What can Australia adopt from the United States data centre build out?
In the lead up to the promised NSW Data centre strategy, this article explores policy directions adopted in the United States data centre build out, what could be applied to the NEM, and what it means for investors.
Australian federal and state governments data centre policy responses have focused on land-first planning acceleration pathways and framing the data centre conversation as ‘sharing the benefits’. A sharp contrast to the United States which frames the data centre build out as ‘essential to national security, economic prosperity and scientific leadership.’1
Where is policy formation heading towards?

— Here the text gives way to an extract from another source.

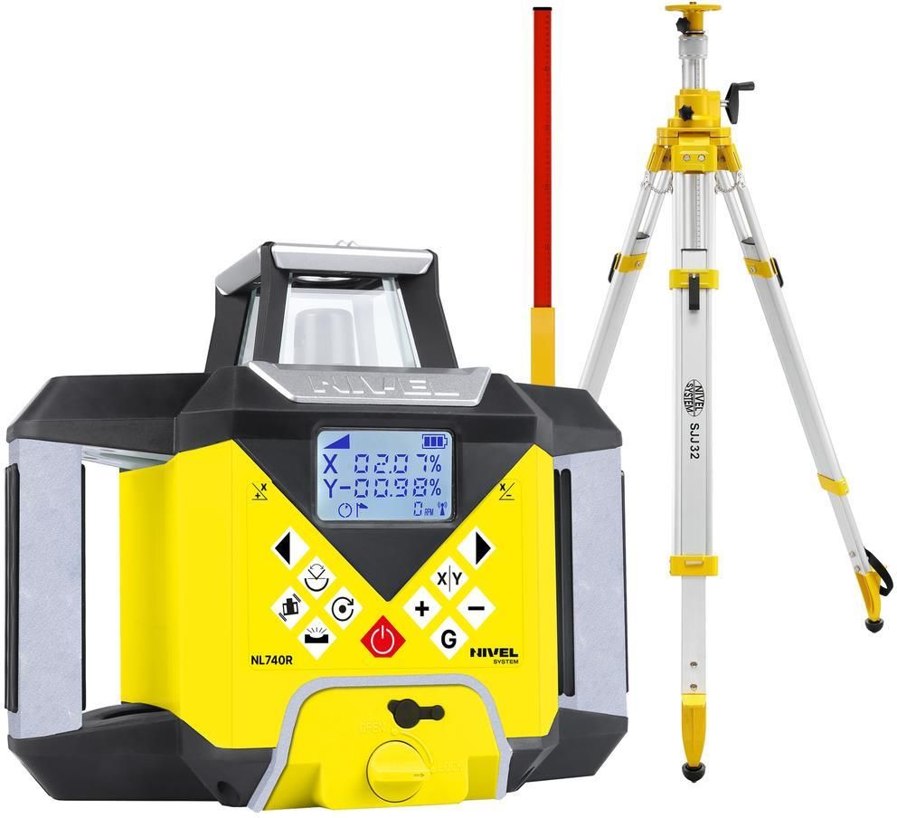 Wielozadaniowy niwelator laserowy z cyfrowymi spadkami oraz autowpasowaniem. NIWELATOR LASEROWY NIVEL SYSTEM NL740R DIGITAL ZESTAW SJJ32 LS-24 Laser obrotowy Nivel System NL740R DIGITAL to wszechstronne i wielofunkcyjne narzędzie do realizacji prac budowlanych. Dedykowany jest do prac na otwartych przestrzeniach, jak i wewnątrz pomieszczeń. Ten model został wyposażony w czerwoną wiązkę laserową. Instrument zbudowany został na bazie sprawdzonej i wydajnej technologii laserowej NIVEL gwarantującej wysoką precyzję pomiarów. Niwelator wyznacza płaszczyznę poziomą (z możliwością pochylenia cyfrowo w 2 osiach), pionową, a zastosowany pionownik laserowy określa pion lub kąty proste. Sprzęt wyposażony został w system automatycznego wpasowania wiązki laserowej. Dzięki tej funkcji w łatwy sposób można ustawić spadki (prace poziome) czy wyszukać kierunek (prace pionowe). Laser dobrze się sprawdza na długich odcinkach robót (zasięg 700 m), w trudnych warunkach terenowych – szybko poziomuje, jest odporny na drgania terenu. NL740R DIGITAL oferowany jest standardowo z czujnikiem, na którym różnice wysokości wyświetlane są cyfrowo. To w znacznie ułatwia i przyspiesza pomiary. Sprzęt został wyposażony w intuicyjny interfejs z wyświetlaczem LCD, dzięki czemu możliwa jest obsługa zdalna za pomocą pilota radiowego. wszystko widać gołym okiem– czerwony kolor lasera jest na tyle intensywny, że zrzutowana na płaszczyznę wiązka jest dobrze widzialna nawet z odległości kilkudziesięciu metrów od stanowiska daleki zasięg– możliwość pracy na otwartej przestrzeni w odległości 700 m (średnica pracy lasera) wydajna niwelacja– możliwa dzięki funkcji automatycznego wpasowania i wyszukania spadku, cyfrowy czujnik laserowy z numerycznym wyznaczaniem różnicy wysokości (czujnik laserowy, cyfrowy) w znacznym stopniu usprawnia niwelację i podnosi jej dokładność (nie trzeba odczytywać wartości z łaty, wartość ta prezentowana jest na wyświetlaczu czujnika) praca z płaszczyzną pochyloną– wiązka lasera może być pochylana w sposób cyfrowy w jednym lub dwóch kierunkach w zakresie ±10%, wyznaczanie spadków w terenie wykonywane jest cyfrowo i bez konieczności przeliczania wysokości poszczególnych stanowisk laser w każdą stronę– głowica emitująca płaszczyznę laserową w poziomie wyznacza dodatkowo laser liniowy, co ułatwia definiować płaszczyznę pod kątem prostym względem wyznaczonej linii szybkie samopoziomowanie– kompensator szybko i precyzyjnie poziomuje instrument, a alarm „poruszenia” niwelatora eliminuje wykonywanie błędnych pomiarów przy nieumyślnym potrąceniu czy rozpoziomowaniu jednoosobowa obsługa– do obsługi niwelatora i wyznaczania wysokości wystarczy tylko jedna osoba zdalne sterowanie– parametry lasera można zmieniać za pomocą dostarczanego w standardowej konfiguracji pilota radiowego (zasięg 100m) wydajne zasilanie– akumulator Li-ion (5000mAh), możliwość ładowania w czasie pracy bogaty pakiet standardowy– niwelator wyposażony jest w praktyczne akcesoria wspierających prace (czujnik laserowy DIGITAL, uchwyt na łatę laserową, pilot, akumulatory, ładowarka, tarczka laserowa, kufer transportowy) praca w każdych warunkach– pancerna, wzmocniona metalowym korpusem obudowa, metalowa osłona głowicy laserowej, gumowe narożniki amortyzują i chronią laser przed uszkodzeniami wskutek uderzeń i wstrząsów, sprzęt odporny na działanie kurzu i wody (IP65) Łatwe i szybkie pomiary Niwelator NL740R DIGITAL posiada funkcję autopoziomowania, po włączeniu sprzęt sam spoziomuje się i natychmiast gotowy jest do pracy. Generowana wiązka laserowa jest widzialna, wyświetlona na ścianie tworzy linię referencyjną dla prac poziomych lub pionowych. Podczas pracy z czujnikiem i łatą laserową uzyskujemy dokładny zestaw niwelacyjny, pomiary dokonywane są jednoosobowo. Cyfrowe wskazania różnicy wysokości na wyświetlaczu (czujnik laserowy, cyfrowy) znacznie skracają proces niwelacji. Funkcja skanowania umożliwia zawężenie wyświetlanej wiązki w zadanym zakresie, w ten sposób uzyskujemy referencyjną linię lasera jedynie tam, gdzie przeprowadzamy prace.Uniwersalne zastosowanieSprzęt umożliwia pracę zarówno z wiązką poziomą, jak i pionową. Płaszczyzna może być pochylana cyfrowo (z panelu starowania lub pilota) w jednym lub dwóch kierunkach. Dzięki tej funkcji laser może być stosowany przy pracach tj.: wylewanie posadzek, niwelacja, przygotowanie powierzchni pod kostkę brukową, boisko, czy drogę zapewniając odprowadzenie wody zgodnie z zaprojektowanymi spadkami. Przy pracach konstrukcyjnych przydatnym staje się pionownik laserowy, który stanowi oś generowanej rotacyjnie płaszczyzny laserowej. Funkcjonalność ta zapewnia dokładne wpasowanie się lasera przy pracach prostopadłych, podczas przenoszenia punktów (pionownik wyświetlany jest do dołu i do góry jednocześnie). W przypadku prac na zewnątrz i przy dużych zasięgach stosowany jest czujnik laserowy zapewniający możliwość odbioru sygnału w zakresie 700 m (średnica pracy). Różne prędkości obrotów głowicy sprawiają, że sprzęt znajduje zastosowanie przy pracach instalacyjnych wewnątrz budynku, jak i przy sterowaniu maszynami, gdzie wymagane są wyższe prędkości (800 obr/min).Niezastąpiony na budowieNiwelator NL740R DIGITAL został wyposażony w elektroniczny kompensator, który skutecznie eliminuje drgania oraz zapewnia precyzyjne poziomowanie płaszczyzny laserowej. Elektroniczny kompensator, w porównaniu z magnetycznym, jest dokładniejszy. Jest to istotny czynnik przy wykonywaniu pomiarów budowlanych, gdzie teren może drgać wskutek pracy ciężkiego sprzętu. Dzięki eliminacji drgań uzyskujemy pewne i dokładne pomiary. Sprzęt jest odporny na działanie kurzu i wody (IP56). Głowica rotacyjna osłonięta jest metalowym korpusem, a obudowa lasera wyposaż

A jurisdiction offering accelerated planning is not necessarily the most helpful to getting a data centre energised. Just look at Sydney, the largest data centre hub in Australia with 90 data centres already operating, where the Investment Delivery Authority is now effectively moot followingTransgrid’s public letter to data centre proponents declaring there is limited grid capacity.
What is in motion is the Australian Government departmental executives working to enact Expectation 2 of the National AI Plan which requires data centres to:
“Secure new and additional clean energy generation and/or storage to offset demand
Cover their share of transmission and distribution infrastructure costs
Improve the overall security and stability of the energy grid, including by enhancing demand flexibility and opportunities for peak-load management”2
TNSPs are also being proactive, with Transgrid seeking a rule change that would see large load users, such as data centres, pay for their full connection capacity to the NSW grid regardless of whether they use all of it3.
‘Take or pay’ of contracted capacity regardless of use, is salve to the phantom-demand question and can help lower consumer cost, but it does not accelerate transmission build out.
The proposed rule change builds upon precedent in the United States. Drawing upon Halcyon’s analysis4 across 65 grid operator tariffs, the United States is moving towards the following five most common initiatives to reduce costs to consumers:
Minimum contract term lengths. For instance, Kentucky Power sets a 20-year minimum contract term for all new loads of 150MW+.
Minimum monthly billing demand. For instance, Indiana Michigan Power sets the minimum monthly billing demand as >80% of the capacity contracted by the customer.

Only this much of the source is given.